Georgia State University
Loud, Red Trucks
My work, as a painter, often focuses on everyday objects grouped in a way that seems to tell a story about the people who brought them all together. The way I set up my still life objects is just as important as how I paint them. When I talked to Thomas about his work, we realized we could implement the analysis techniques he uses to identify signatures in network brain activity on a series of still life paintings. In essence, we would be using the programs to identify “artistic signatures” in my paintings, perhaps visual and compositional similarities that I tend to repeat.

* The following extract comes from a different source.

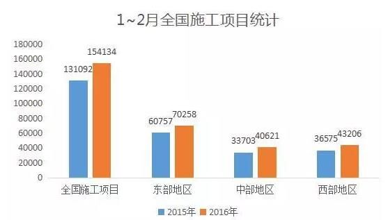 今年1~2月,全国施工项目154134个,比去年同期增加23042个。其中,东部地区施工项目70258个,增加9501个;中部地区施工项目40621个,增加6918个;西部地区施工项目43206个,增加6631个。
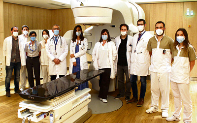 Equipo de Oncología Radioterápica de la clínica IMQ Zorrotzaurre, junto a un nuevo acelerador lineal.

We analyzed four paintings total: three older paintings (figures 1-3) and one new one made specially for this project (above). The painting Loud, Red Trucks was inspired by another facet of Thomas’ work. Passionate about autism research, Thomas conducted his thesis work on identifying signature differences in striatal resting states in brains of those with and without autism. One of the characteristics of autism is repetitive interest or fixation on certain subject matter or special objects, such as trains, cameras, stuffed animals, batteries, etc. Because his research focus was largely analyzing brains of those with autism, I decided to organize this still life around some of the special objects that fascinate children, especially those with autism. Models of emergency vehicles are arranged neatly over an array of flags of the world, and planes dart in and out through the composition as a Lego man in his own homemade airplane teeter over a stack of books. Cards, batteries, shoelaces and various cords loop throughout, and the pile is topped with a bouquet-like display of thermometers – which are objects of fixation for all of us during this pandemic.
Farmer's Market, 2017
Polka Dots, 2018
Our work - the paintings, analysis, and visual outputs - all taken together, are a playful meditation on the limits of traditional neuroimaging pipelines. Thomas, in his postdoctoral work, has turned to exploring multi-model data fusion, combining multiple neuroimaging methods in order to better understand large-scale network activity in the brain.
The images below displayed are components resolved using Source-based Morphometry (SBM) of 2D images. SBM utilizes a technique called principal component analysis (PCA) to identify which “parts” of an image or set of images account for the greatest variance across one or all of the images. This is done as a data reduction step (e.g. 14 images to 4 principal components).
Figure 5 Component 1
Figure 7 Component 3
Figure 6 Component 2
Figure 8 Component 4
Next, a technique called Independent Component Analysis (ICA) is used on the principal components to break them down into independent regions with the most similar patterns. These form the “Independent components” of the artwork (in greyscale Figures 5-8). These components, in red and blue, have also been overlaid on Loud, Red Trucks to allow the viewer to explore how the patterns may or may not be repeated in the final painting.
Figure 9 ICA 1 overlay
Figure 11 ICA 3 overlay
Figure 10 ICA 2 overlay
Figure 12 ICA 4 overlay
Finally, the multi-colored 4x4 matrix is the correlation between each independent component, with warm colors showing greater similarity between two independent components, and cool values indicating on component decrease as another increases.